発信機と盗聴器の機能を持つ追跡者、これで悪いことをしてもすぐにばれるだろうし、何か情報を聞き取れるかも知れない。
「くそう。こんな田舎の領主のくせに偉そうにしやがって、この俺様が引き下がるなどと屈辱を・・・許せん。断じて許せん!」
「まあまあ。そんな嫌なことは忘れて飲みましょう」
「ああ、いい酒もっと持ってこい!」
その後、ある貴族の一団がとある店で飲み食いして、有り金全部巻き上げられ自国に逃げ帰ったのは別のお話。
「ヤマト様。領主就任おめでとうございます」
我が家ではちょっとした祝賀会が開かれていた。
アルデリアちゃんがいないため、そう凝った料理はないがシルエラやカエデさんが腕を奮って料理を作ってくれた。

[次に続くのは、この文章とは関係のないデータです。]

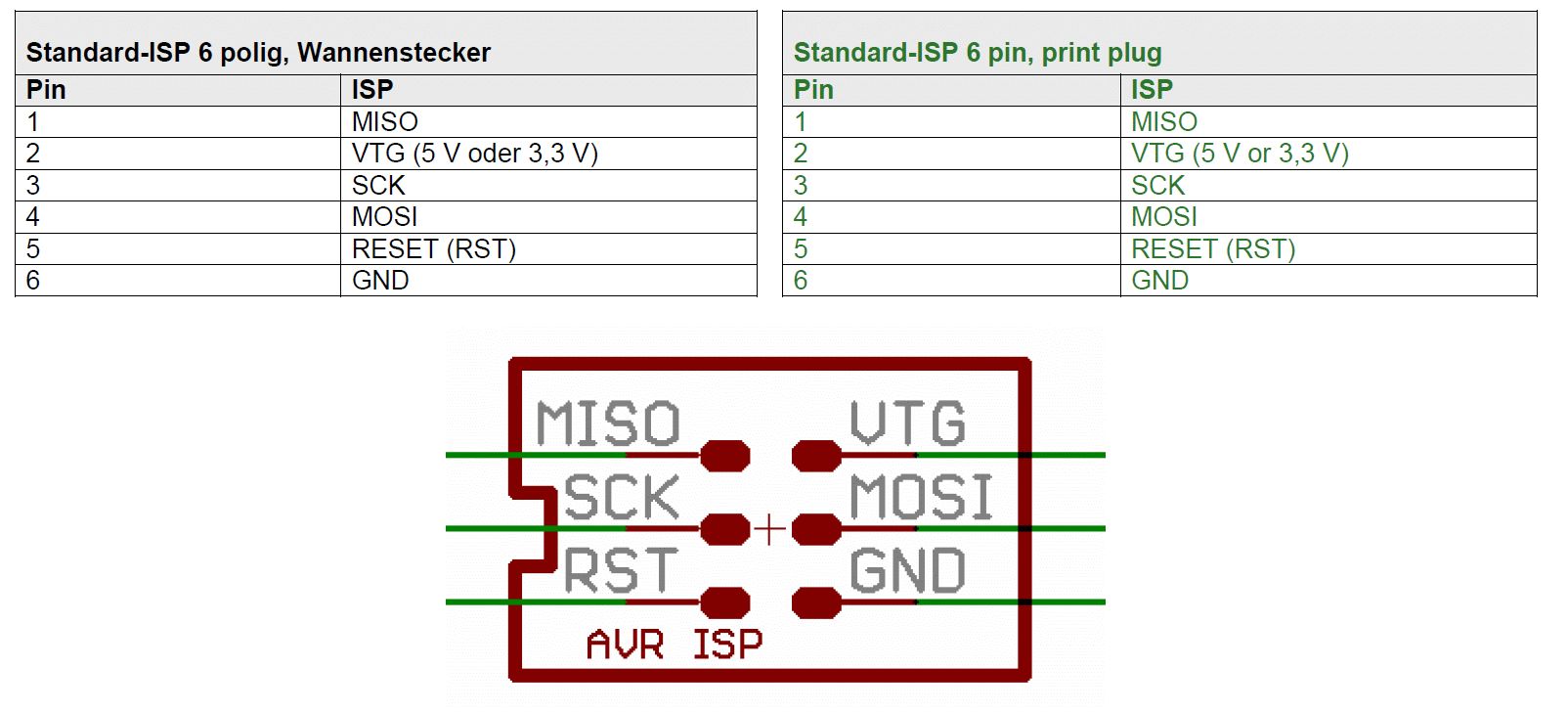 Mein Posting war Blödsinn. Ich habe es einmal durchgemessen (Danke cyblord - während Du geschrieben hast habe ich die offensichtliche Idee auch gehabt...). Hier wie es aussieht - falls das Problem bei sonst jemandem auftaucht: Das erste Bild ist die Buchse, wenn man draufschaut. Das rote Kabel ist Pin 1, also MISO. Das zweite Bild zeigt das Kabel, das dann am Steckbrett angeschlossen wird. Der Stift steckt in Vcc. Der Pfeil der Pin 1 am Stecker anzeigt ist zu erkennen. Danke an alle!!! Chris

「それでね。その御神体、御珍宝様凄かったんだから! その御珍宝様を撫でると子宝に恵まれるらしいから、ぜひ皆様にも見てもらいたいわ」
嫁たちは御神体の話で盛り上がっている。好きだねえ君たちも・・・
特にミスティの食い付きには鬼気迫るものがある。よほど自分も子供が欲しいのだろう・・・・まあ今はお見上げの御珍宝様を模った人形焼きを頬張っている。
こらこら、そっちのエロ狐。そんな風にチョコバナナを口にするな。ほらすぐにクルミちゃんが真似する。なんて教育上悪い狐だ。
そして話はシルエラの左手に輝く指輪に移っていった。
心配しなくても嫁さん全員分の指輪は発注してあるから少し待ってくれ。こらそんなに抱きつくな。人の頭の上に胸を乗せるな。
まったく皆浮かれ過ぎだよ。しかしこの賑やかな雰囲気。我が家に帰ってきたと実感する。たった二泊しただけなのに懐かしく思えてしまう。残念なのはこの場にラッセリアと生徒たち3人が居ないことだろう。